### Exercise prompt
Starting with the line with "Prosciuttodi R" in the entries below and going on through the line with "Spaniard vs Immigrants", output every line exactly and nothing more. No pictures.

### Given entries

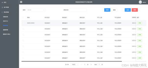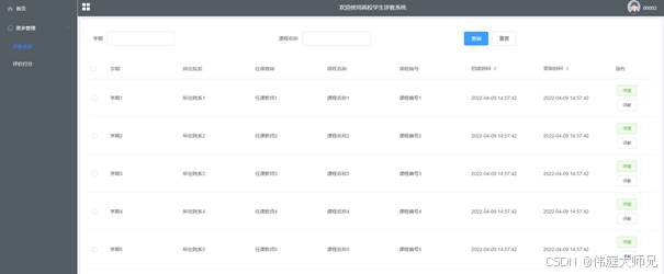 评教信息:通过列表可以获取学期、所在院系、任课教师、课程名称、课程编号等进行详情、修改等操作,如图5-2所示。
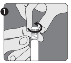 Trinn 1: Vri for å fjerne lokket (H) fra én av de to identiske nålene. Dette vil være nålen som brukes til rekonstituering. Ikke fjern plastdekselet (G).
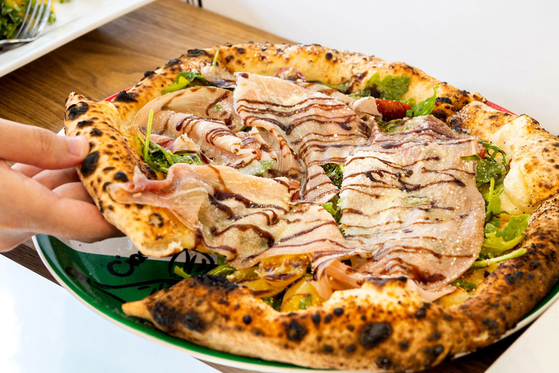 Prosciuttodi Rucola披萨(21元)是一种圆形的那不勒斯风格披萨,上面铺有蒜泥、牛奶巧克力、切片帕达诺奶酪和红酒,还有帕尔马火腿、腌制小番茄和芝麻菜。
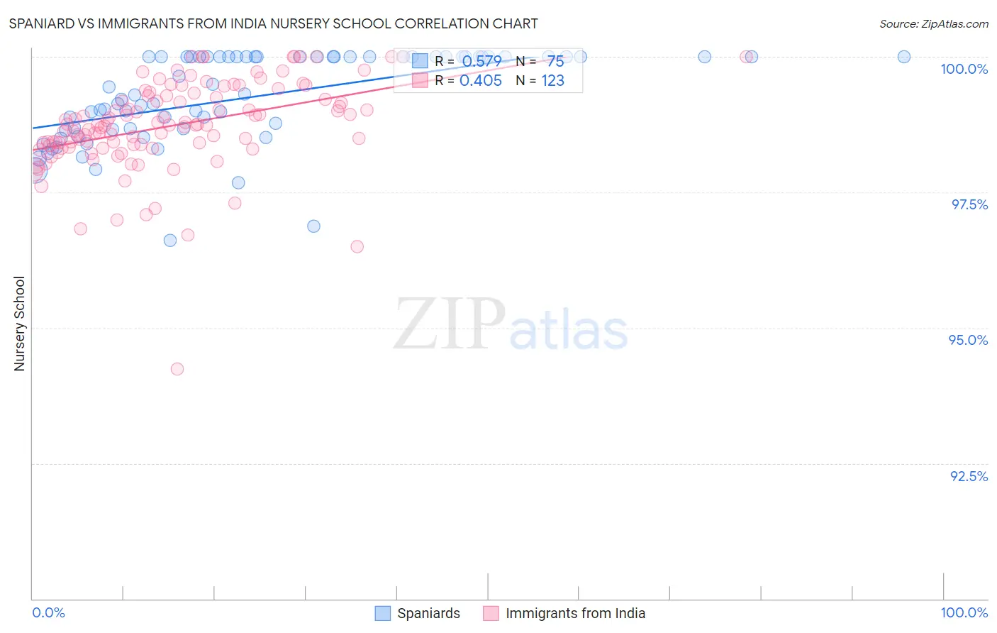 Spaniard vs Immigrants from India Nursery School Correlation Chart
==
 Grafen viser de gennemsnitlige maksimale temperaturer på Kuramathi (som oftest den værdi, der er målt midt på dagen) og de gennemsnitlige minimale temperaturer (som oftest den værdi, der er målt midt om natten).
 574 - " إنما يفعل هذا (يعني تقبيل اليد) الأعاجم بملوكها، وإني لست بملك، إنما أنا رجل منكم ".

### Task solution
 Prosciuttodi Rucola披萨(21元)是一种圆形的那不勒斯风格披萨,上面铺有蒜泥、牛奶巧克力、切片帕达诺奶酪和红酒,还有帕尔马火腿、腌制小番茄和芝麻菜。
 Spaniard vs Immigrants from India Nursery School Correlation Chart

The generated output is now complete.